The EaaS framework provides a streamlined user experience for accessing a number of different emulated software environments, and the AMIA panel provided an opportunity to examine this approach alongside other recent projects using software emulation, including computer games within the Timothy Leary Papers that are available to play at the New York Public Library Brooke Russell Astor Reading Room, Cornell University Library’s Preservation and Access Frameworks for Digital Art Objects project (PAFDAO), and the Jeremy Blake Papers at New York University. In my workshop presentation I discussed Rhizome’s collaborative development with bwFLA of a cloud-based EaaS implementation allowing users to access artworks via Rhizome’s emulator site, which can also be embedded into other websites such as blogs and social media sites. Since April 2015, Rhizome’s online EaaS implementation has allowed visitors to immerse themselves in the interactive narratives and richly detailed audio and graphics of three video games/artworks created as CD-ROMs in the 1990s by the artist Theresa Duncan.

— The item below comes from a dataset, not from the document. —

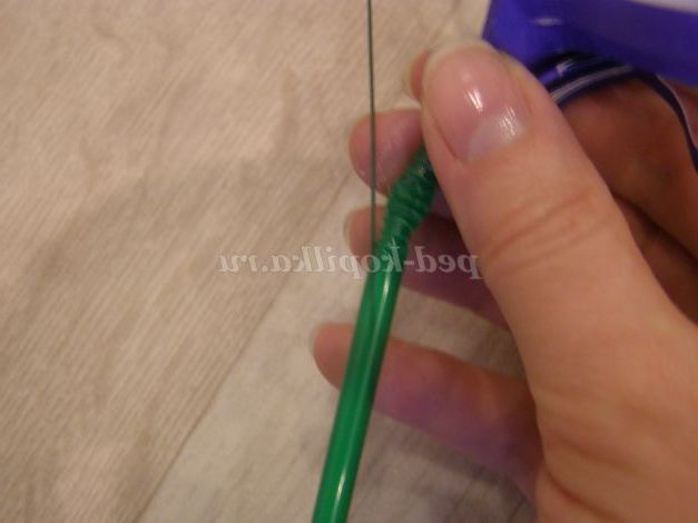 Дротом протикаємо трубочку, вставляємо листочок в стеблинка

Even with such promising technical developments for emulation as an access strategy, however, at present intellectual property (IP) rights and software licensing issues remain as primary obstacles to widespread implementation. For example, one of the case studies I examined, Cochrane’s August 2014 post in The Signal analyzing the EaaS implementation at Yale University Library, described three compelling use-case scenarios for emulation across different research contexts, but noted that even given the potential usefulness of EaaS for each project, licensing issues ultimately prevented researchers from actually using EaaS beyond their initial research stages.

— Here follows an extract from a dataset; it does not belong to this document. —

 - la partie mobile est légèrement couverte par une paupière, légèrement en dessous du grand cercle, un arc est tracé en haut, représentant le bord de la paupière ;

Meanwhile, examining and addressing the complex challenges of software IP rights has been included as a key part of the work of the Software Preservation Network (SPN), one of the national digital platform priority projects among nine recently selected for funding by the IMLS. SPN’s project proposal (PDF) includes “articulating a business model and organizational structure through which software licensing and legitimate, ongoing non-profit re-use can operate harmoniously” as a critical step toward preserving software, and therefore a core practice within digital preservation.

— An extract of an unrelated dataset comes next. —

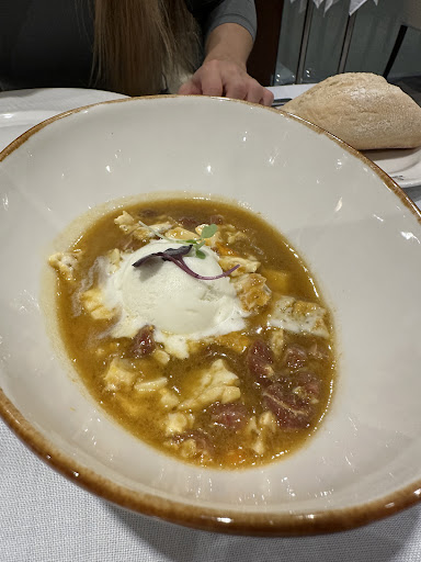 Read moreBonito hotel dentro del maravillosos pueblo albaceteño de Alcalá del Júcar, estuvimos comiendo en su restaurante Bar Eliá, éramos tres amigas y un niño pequeño. El servicio y atención desde el minuto uno fue estupendo. Nos atendió Lucía, que amablemente se presentó al pequeño comensal y le hizo participe de la elección de su menú, un precioso gesto que hizo que el pequeño se sintiese como en casa. Nos recomendó siempre que le pedíamos alguna sugerencia y todo ello con una sonrisa en la cara. Los platos que nos sirvieron estaban muy ricos con contrastes que los hacían únicos y especiales. Probamos el ceviche calado de corvina, tartar de atún rojo con quenelle de wasabi y huevos rotos (muy recomendable cualquiera de los dos entrantes, aunque yo me quedo con el tartar de atún), gazpachos manchegos con caza (para mi gusto demasiado especiados y los trozos de torta muy grandes, pero eso va en gustos, la verdad que estaban muy ricos), lascas de pluma ibérica a la brasa con padrón (riquísimo y en su punto) y de postres, tarta de queso artesana, sopa de chocolate blanco y muerte por chocolate (espectacular). Seguro...

To learn more about IP rights issues related to software emulation, I reached out to Euan Cochrane, and to SPN’s co-PIs: Zach Vowell, Digital Archivist at California Polytechnic State University, and Jessica Meyerson, Digital Archivist at the University of Texas at Austin, with a few questions about broad challenges within software IP rights, specific licensing scenarios they are addressing, and potential future licensing models. Their observations shed light on the range of avenues they are pursuing to further establish emulation as a viable and practical method for enabling researchers’ direct interaction with valuable software-dependent content that is locked inside legacy media or inaccessible file formats.
Morgan: The SPN’s IMLS project summary cites a 2014-15 survey of archives professionals in which 51% of survey participants identified access to licenses as an obstacle for emulated access to born-digital materials. Could you share your observations about the implications of these findings, and what approaches SPN may take to address some of these challenges?
Jessica: At the most basic level, that survey response pattern indicates that even in a scenario where staff resources and technical constraints are not considered the most significant barrier, organizations are still hesitant to endorse emulation as an institutional preservation and access strategy unless they have some way to reconcile the software licensing requirements. With no systematic software collection program, most institutions do not currently know how they would access the software titles required to provide emulated access. And in terms of systematic software collection, no single institution can possibly collect all of the software titles needed to render/access the digital objects in its collections present and future.
So, unless we want restrictive software licensing to play a crucial role in appraisal and collection development decisions moving forward – as a community we might think about systematic software collection in terms of documentation strategy. In other words, art and design organizations could focus on creative design software such as Adobe Creative Suite and business history focused collections might focus on accounting software such as Quickbooks or business intelligence software such as Tableau. Meanwhile, digital objects created in software only available as a cloud-hosted service will likely require participation from the software industry.
Morgan: How will SPN address software licensing as it relates specifically to emulation? For example, what priority might be given to the creation of allowances for emulation use-cases?
Zach: Academic licensing may provide some protection from infringement claims, but the extent of that protection remains to be seen. (That is, is it good enough for an institution to show a receipt for its license purchase and that covers all software under its care?). Regardless, licenses will need to be well documented and linked to the license keys used to activate the software.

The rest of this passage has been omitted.